Malgré des mesures ambitieuses mises en œuvre depuis 2019, les téléphones portables continuent de proliférer dans les prisons françaises. Leur présence massive permet aux détenus de poursuivre des activités criminelles, soulignant l’inefficacité des dispositifs actuels de contrôle et de brouillage.
Une économie parallèle alimentée par les portables
Les chiffres témoignent d’une réalité préoccupante : en 2023, 53 000 téléphones ont été saisis à l’échelle nationale, et ce nombre reste impressionnant en 2024, avec 40 000 saisies rapportées par le ministère de la Justice. Cependant, ces données ne reflètent qu’une partie du problème. Selon Wilfried Fonck, du syndicat UFAP-UNSA dans Le Monde, le nombre réel de téléphones circulant en prison pourrait dépasser 160 000, soit bien plus que le nombre de détenus en France.
Les téléphones portables, devenus une monnaie d’échange en détention, se négocient à prix d’or, avec des tarifs allant jusqu’à 1 500 euros par appareil selon les modèles. Ce commerce illicite génère une violence accrue entre détenus et favorise la corruption des agents pénitentiaires. Plusieurs affaires récentes ont d’ailleurs impliqué des surveillants accusés de participer à ces trafics, parfois en échange de rémunérations importantes.
Des moyens sophistiqués pour contourner les contrôles
Les techniques pour introduire des téléphones en prison ne cessent d’évoluer. Aux classiques projections manuelles se sont ajoutés les drones, capables de livrer des appareils et d’autres marchandises à des distances considérables.
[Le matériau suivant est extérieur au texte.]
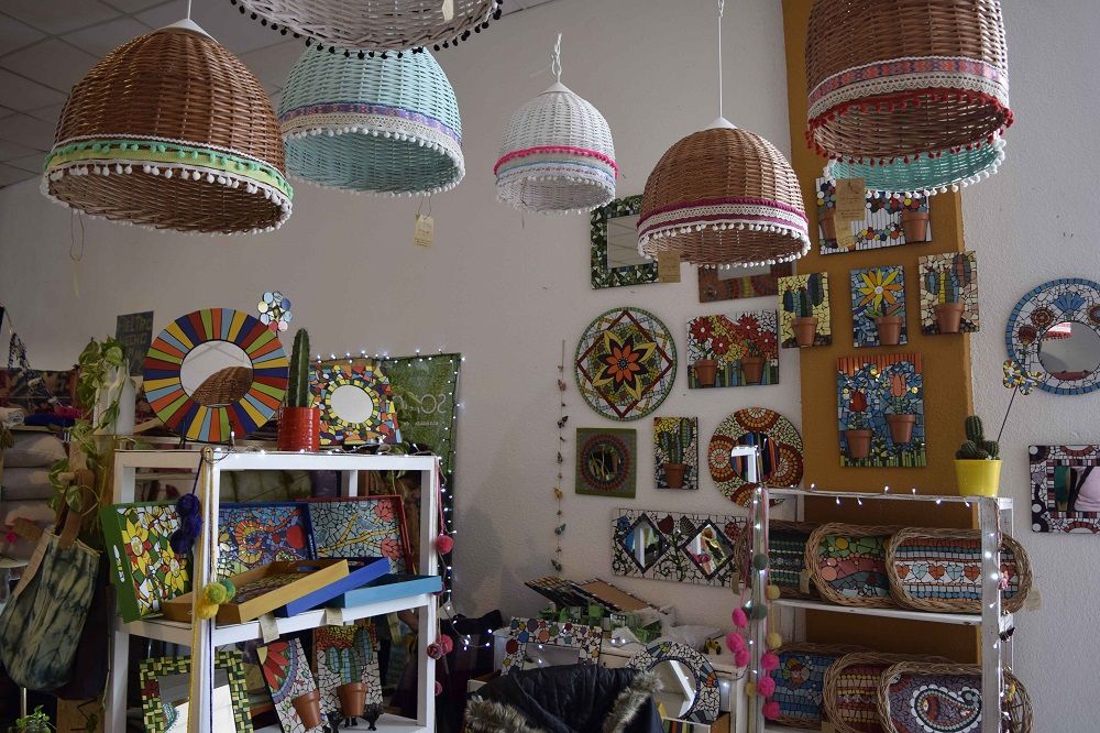Además de objetos para llevar, ofrecen servicios de intervenciones domiciliarias, ya que la misma técnica se suele aplicar para ambientar espacios como baños, galerías, cocinas, etc.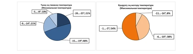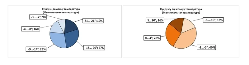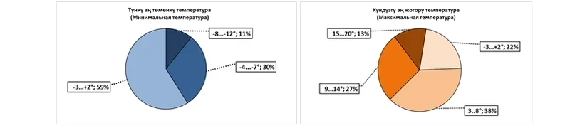 В этом месяце ожидается, что средняя температура воздуха будет на 1-2 градуса выше климатической нормы и составит от 0 до 2 градусов тепла, в то время как в предгорных зонах и в Кеминской долине температура может опуститься до -1…-3 градусов мороза.

À la maison d’arrêt d’Angers, par exemple, plus de 500 téléphones ont été saisis en 2024, un chiffre supérieur au nombre de détenus incarcérés.
Les objets dissimulés dans des colis alimentaires ou même des produits improbables, comme des cartons de fromage râpé, témoignent de l’ingéniosité des trafiquants. Ces pratiques rendent la tâche des surveillants particulièrement ardue, surtout dans un contexte de sous-effectifs généralisés et de surpopulation carcérale.
Les limites des mesures de lutte : brouillage et cabines téléphoniques
Depuis 2019, plusieurs initiatives ont été mises en place pour lutter contre ce phénomène. Parmi elles, l’installation de cabines téléphoniques dans toutes les cellules devait permettre aux détenus d’effectuer des appels contrôlés. Cependant, ces cabines sont peu utilisées en raison de coûts jugés excessifs par les prisonniers (jusqu’à 0,18 euro la minute pour un appel vers un mobile).
Le brouillage des réseaux constitue une autre stratégie, mais son efficacité reste limitée. Si 20 établissements étaient équipés de ces dispositifs en 2024, leur déploiement complet demeure lent, et les résultats sont inégaux. Certains systèmes ne fonctionnent qu’avec certains opérateurs, ce qui pousse les détenus à s’adapter rapidement en changeant de fournisseur. Par ailleurs, le brouillage suscite des tensions, provoquant des mouvements de protestation parmi les détenus, comme à Lille-Sequedin ou Tarascon.
Une bataille technologique sans fin
Malgré les efforts pour endiguer la prolifération des téléphones, les détenus semblent toujours avoir une longueur d’avance. Ils utilisent des amplificateurs pour contourner les brouillages et continuent de trouver des moyens innovants pour introduire des appareils en prison. Cette « course à l’échalote » met en lumière les failles d’un système dépassé par les avancées technologiques des trafiquants.
Pour Alexandre Bouquet, directeur du centre pénitentiaire d’Avignon-Le Pontet, seul un investissement massif dans des technologies de pointe pourrait permettre de reprendre le contrôle. Pourtant, cette solution suscite des doutes chez certains observateurs, qui estiment que les coûts exorbitants de ces dispositifs sont disproportionnés par rapport à leur efficacité.